__Exercise details__: An exact restatement is required. Cover only the lines of the records from the first through the line with "新米、さつま汁、サンマのみぞれに、キュウリ、牛乳", and skip pictures.

[Stored entries]

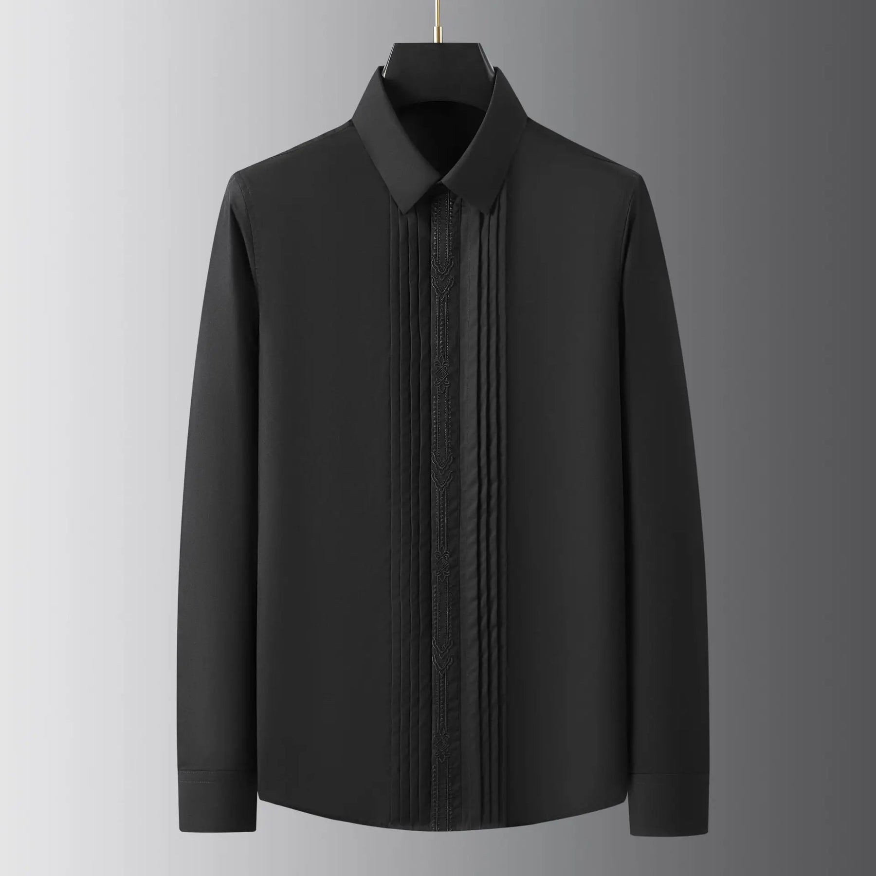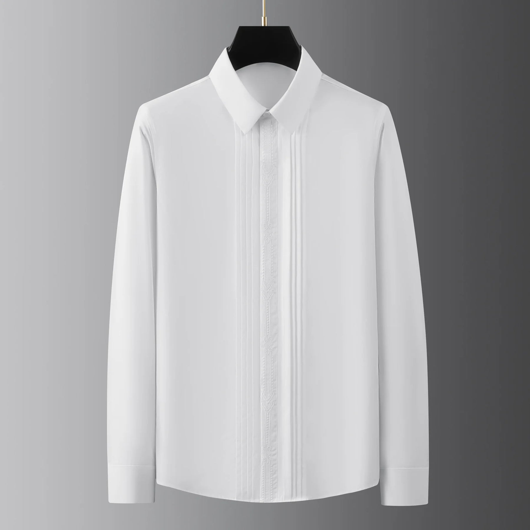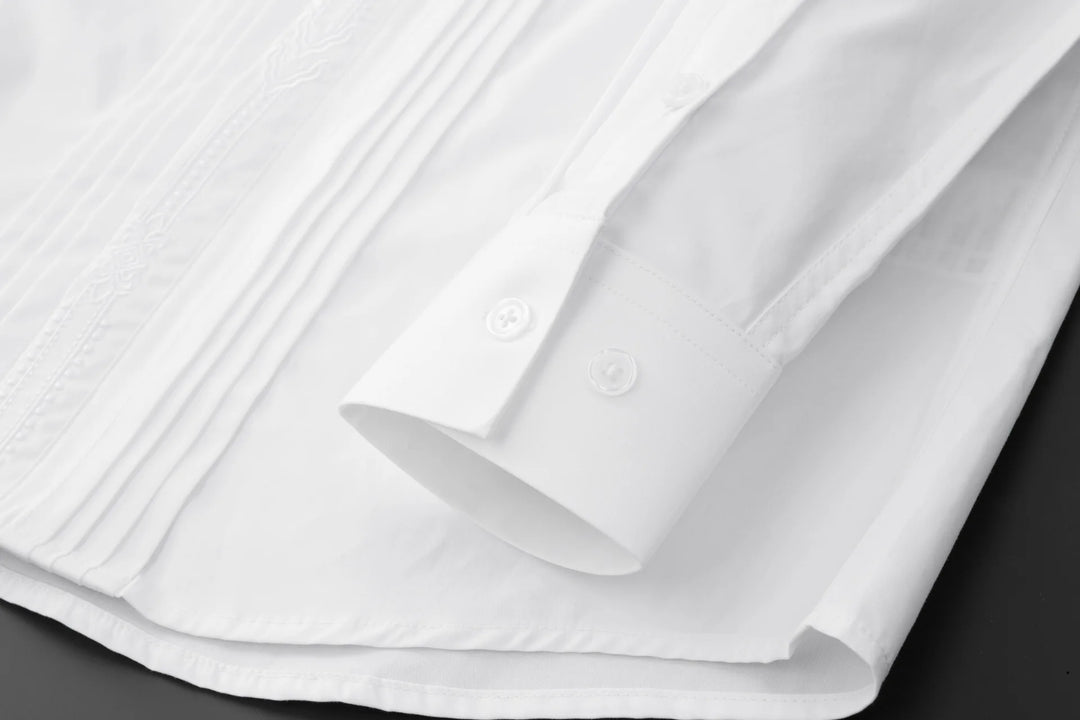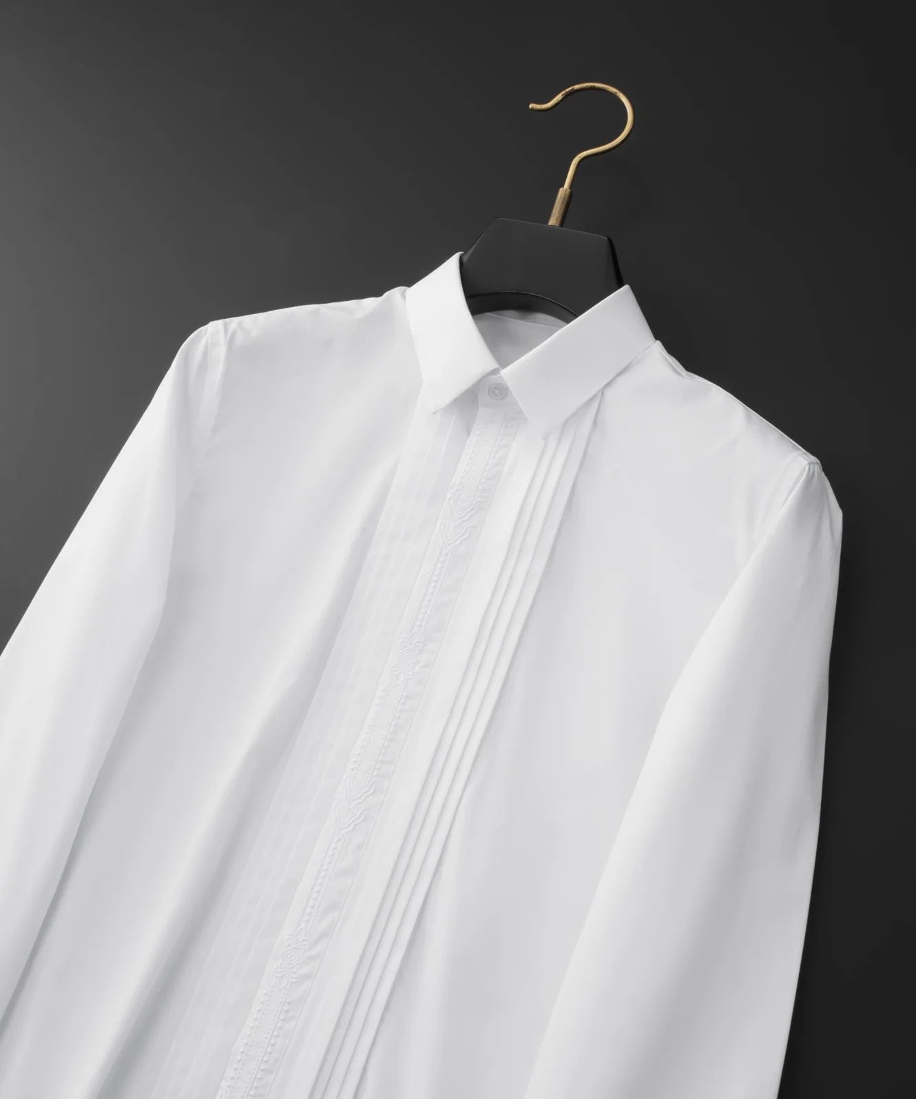 Expertly crafted with refined embroidery, this men's slim shirt is the perfect addition to your wardrobe. Made with high-quality materials, it offers a sleek and sophisticated look while providing a comfortable fit. Enhance your style and make a statement with this must-have shirt.
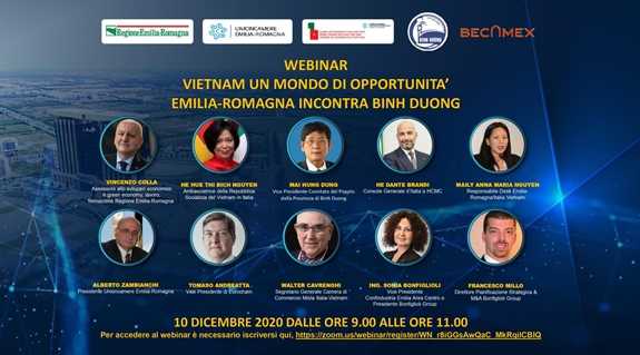 Webinar thu hút đầu tư giữa tỉnh Bình Dương và Emilia Rogmana.
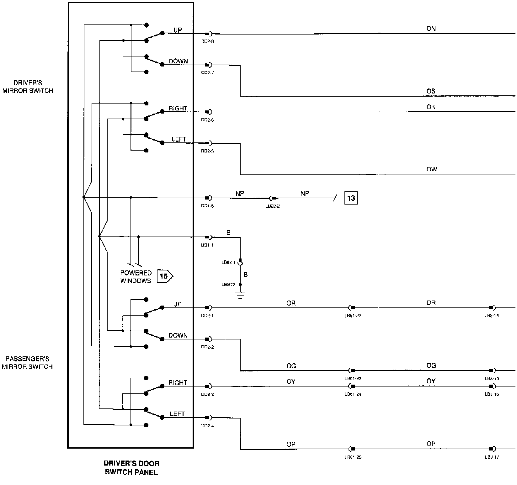 Power Door Mirrors - Components, Connectors, & Grounds:
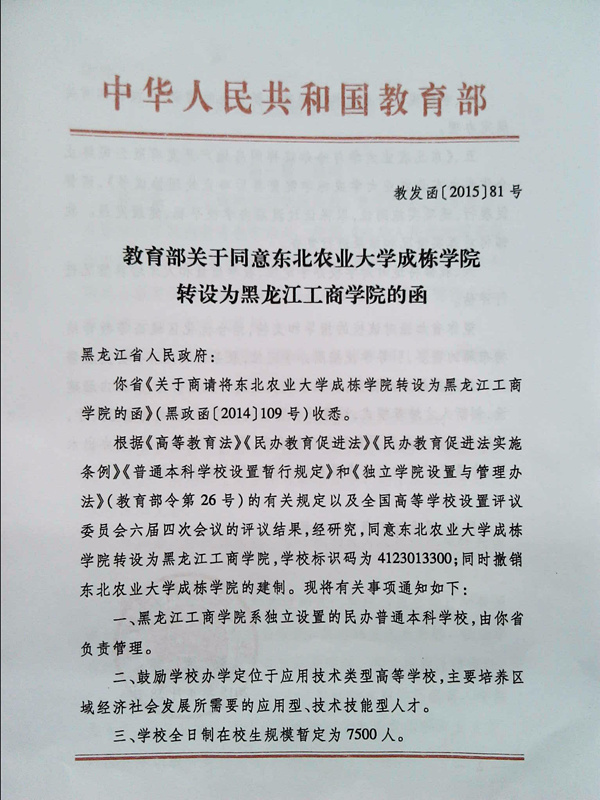 4月30日,国家教育部于正式下发《关于同意东北农业大学成栋学院转设为m体育【中国】股份有限公司的函》(教发函[2015]81号),批准我校转设更名为m体育【中国】股份有限公司,由黑龙江省负责管理,学院标识代码为4123013300。这标志着一所新的普通本科高校落户冰城哈尔滨。m体育【中国】股份有限公司将继续以邓小平理论、“三个代表”重要思想和科学发展观为指导,认真贯彻落实党的十八大、十八届三中、四中全会精神,认真学习习近平总书记系列重要讲话和“四个全面” 战略布局精神,以国家中长期教育改革和发展规划纲要为统领,以教育部《关于完善本科学校设置工作的指导性意见》为指针,以推动学院内涵转型发展为主线,以强化学生技术应用和开发创新能力培养为重点,坚持育人为本、德育为先、实施素质教育,加大改革力度,充实办学条件、规范办学行为、提升办学水平,为把学院建设成为具有优美大学校园、优良教师队伍、丰厚教育资源、具有创新教学模式和开放办学理念的有特色,高水平的应用技术型民办大学而努力奋斗。
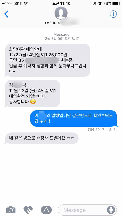 다 따로따로 잡았는데 같은방으로 해달라고했더니 해주셨옹
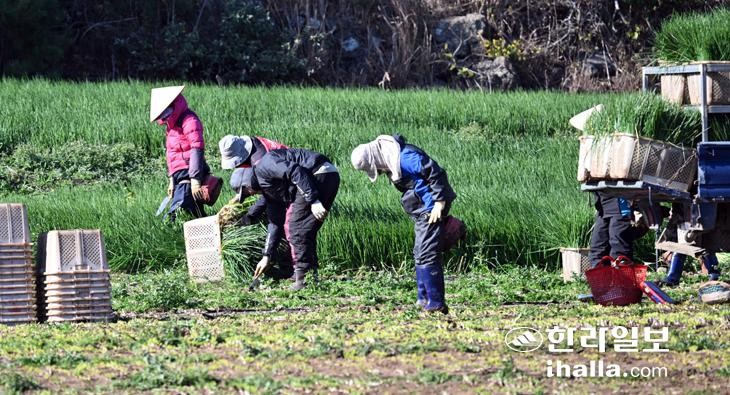 쪽파 수확 작업. 한라일보 DB
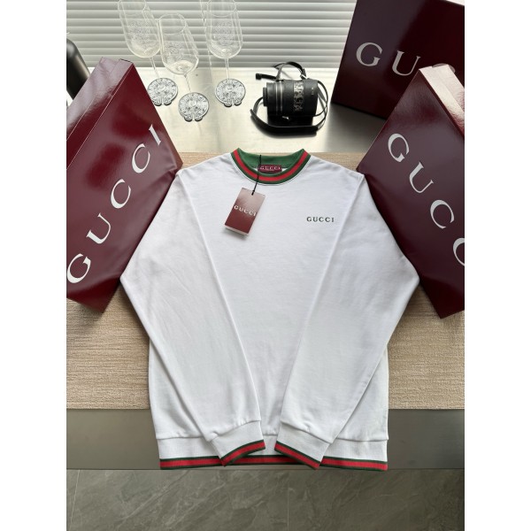구찌 2025 FW 러플 자수 라운드 맨투맨 ZP 10200 구매 분해 제작 화이트 양면 피케 원단 맞춤, 100% 면 수입 원단 맞춤 시그니처 골지 넥 소매 밑단 맞춤 그린 레드 그린 클래식 테이프 장식 가슴 앞부분 구찌 러플 자수 로고 진정한 1:1 재현
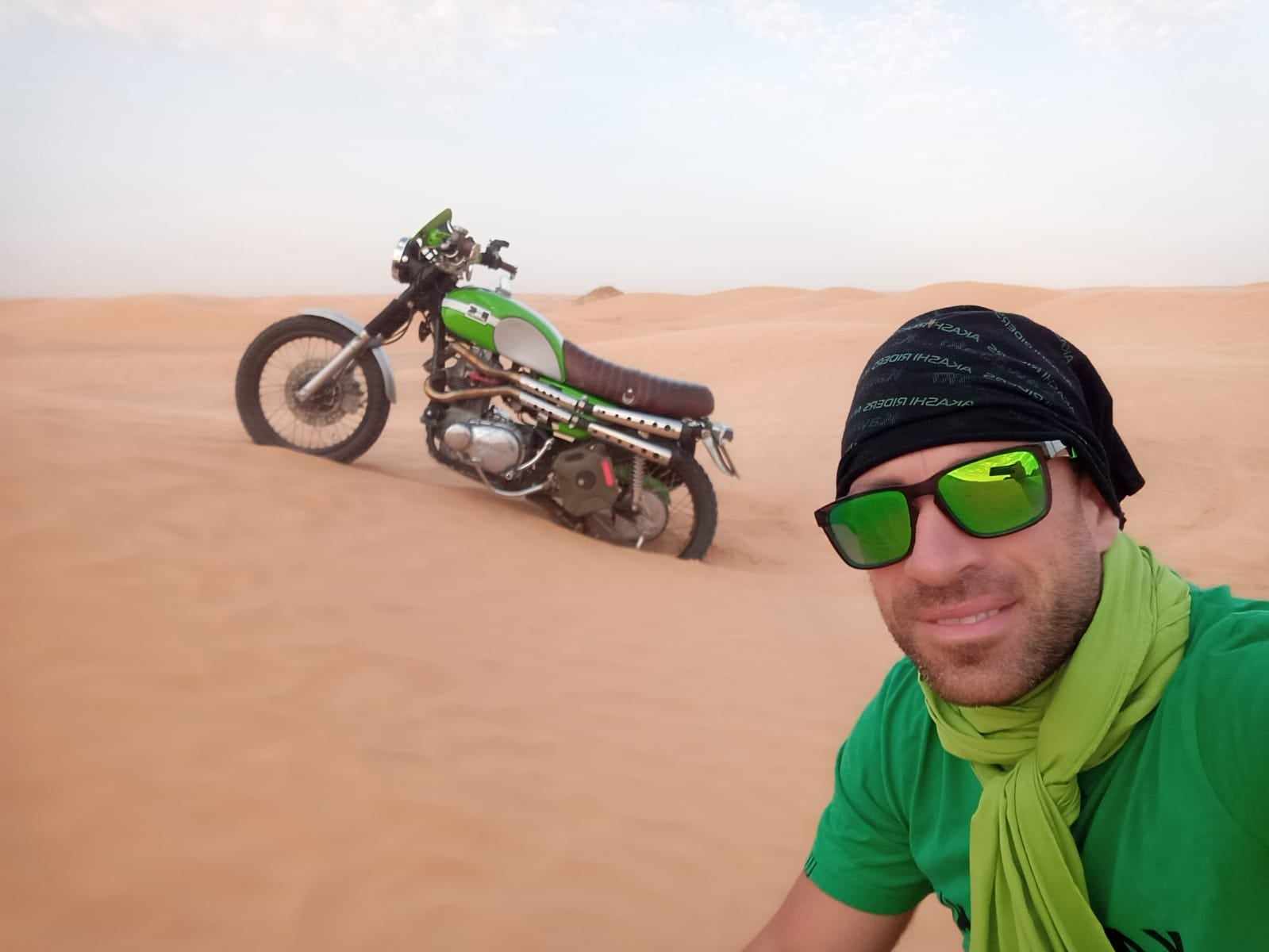 Ma Andrea questa volta non ha voluto farsi accompagnare dalla sua solita Harley, bensì ha effettuato l’attraversata in sella ad una Kawasaki del 1975, da lui restaurata e scramblerizzata.
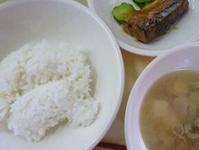 新米、さつま汁、サンマのみぞれに、キュウリ、牛乳
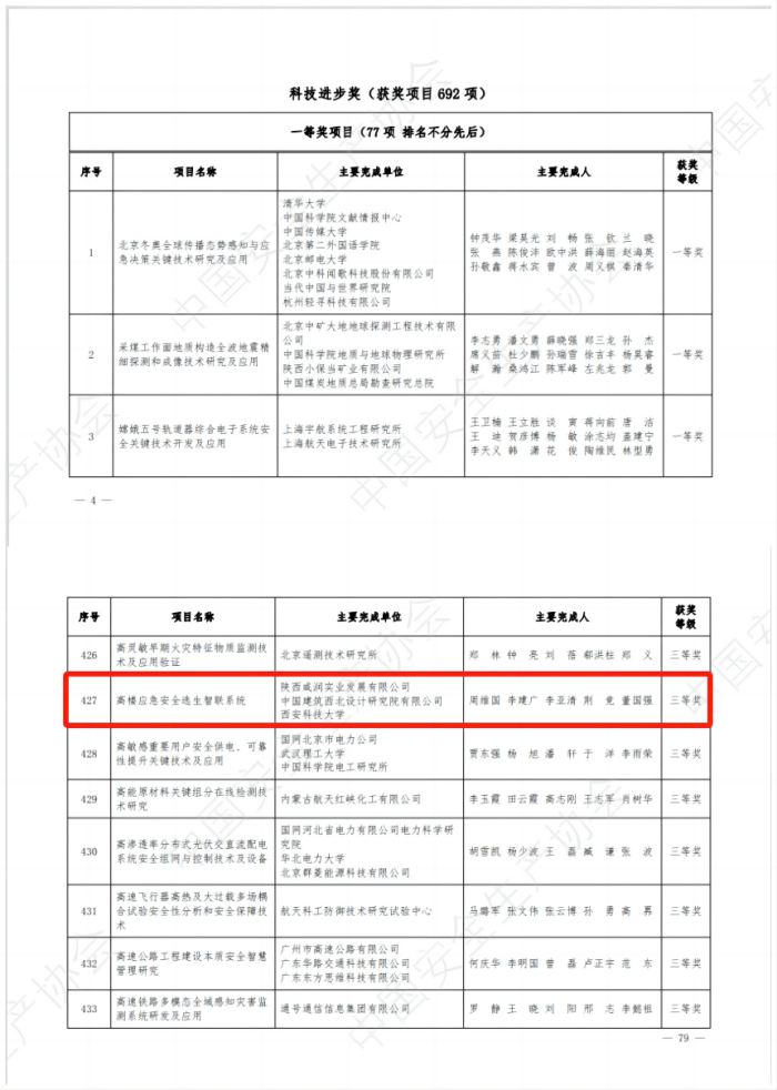 目前項(xiàng)目已累計(jì)申請(qǐng)國(guó)家專利51項(xiàng)(發(fā)明專利4項(xiàng)、實(shí)用新型專利34項(xiàng)、外觀設(shè)計(jì)專利13項(xiàng))、計(jì)算機(jī)軟件著作權(quán)3項(xiàng),先后入選陜西科技創(chuàng)新優(yōu)秀案例(列入優(yōu)秀案例合集)、西咸新區(qū)科技計(jì)劃社會(huì)發(fā)展類項(xiàng)目,連續(xù)2年被納入西安市應(yīng)急管理科技創(chuàng)新重點(diǎn)工作任務(wù),以該項(xiàng)目為基礎(chǔ)的2項(xiàng)地方標(biāo)準(zhǔn)《高層建筑緊急逃生設(shè)施應(yīng)用技術(shù)規(guī)程》和《高層建筑緊急逃生固定設(shè)施構(gòu)造圖集》在陜西省住房和城鄉(xiāng)建設(shè)廳完成立項(xiàng)審批。經(jīng)陜西省科學(xué)技術(shù)廳組織技術(shù)鑒定,成果評(píng)價(jià)為“國(guó)際領(lǐng)先”水平、填補(bǔ)行業(yè)空白。

__Reply to the task__:
 Expertly crafted with refined embroidery, this men's slim shirt is the perfect addition to your wardrobe. Made with high-quality materials, it offers a sleek and sophisticated look while providing a comfortable fit. Enhance your style and make a statement with this must-have shirt.
 Webinar thu hút đầu tư giữa tỉnh Bình Dương và Emilia Rogmana.
 Power Door Mirrors - Components, Connectors, & Grounds:
 4月30日,国家教育部于正式下发《关于同意东北农业大学成栋学院转设为m体育【中国】股份有限公司的函》(教发函[2015]81号),批准我校转设更名为m体育【中国】股份有限公司,由黑龙江省负责管理,学院标识代码为4123013300。这标志着一所新的普通本科高校落户冰城哈尔滨。m体育【中国】股份有限公司将继续以邓小平理论、“三个代表”重要思想和科学发展观为指导,认真贯彻落实党的十八大、十八届三中、四中全会精神,认真学习习近平总书记系列重要讲话和“四个全面” 战略布局精神,以国家中长期教育改革和发展规划纲要为统领,以教育部《关于完善本科学校设置工作的指导性意见》为指针,以推动学院内涵转型发展为主线,以强化学生技术应用和开发创新能力培养为重点,坚持育人为本、德育为先、实施素质教育,加大改革力度,充实办学条件、规范办学行为、提升办学水平,为把学院建设成为具有优美大学校园、优良教师队伍、丰厚教育资源、具有创新教学模式和开放办学理念的有特色,高水平的应用技术型民办大学而努力奋斗。
 다 따로따로 잡았는데 같은방으로 해달라고했더니 해주셨옹
 쪽파 수확 작업. 한라일보 DB
구찌 2025 FW 러플 자수 라운드 맨투맨 ZP 10200 구매 분해 제작 화이트 양면 피케 원단 맞춤, 100% 면 수입 원단 맞춤 시그니처 골지 넥 소매 밑단 맞춤 그린 레드 그린 클래식 테이프 장식 가슴 앞부분 구찌 러플 자수 로고 진정한 1:1 재현
 Ma Andrea questa volta non ha voluto farsi accompagnare dalla sua solita Harley, bensì ha effettuato l’attraversata in sella ad una Kawasaki del 1975, da lui restaurata e scramblerizzata.
 新米、さつま汁、サンマのみぞれに、キュウリ、牛乳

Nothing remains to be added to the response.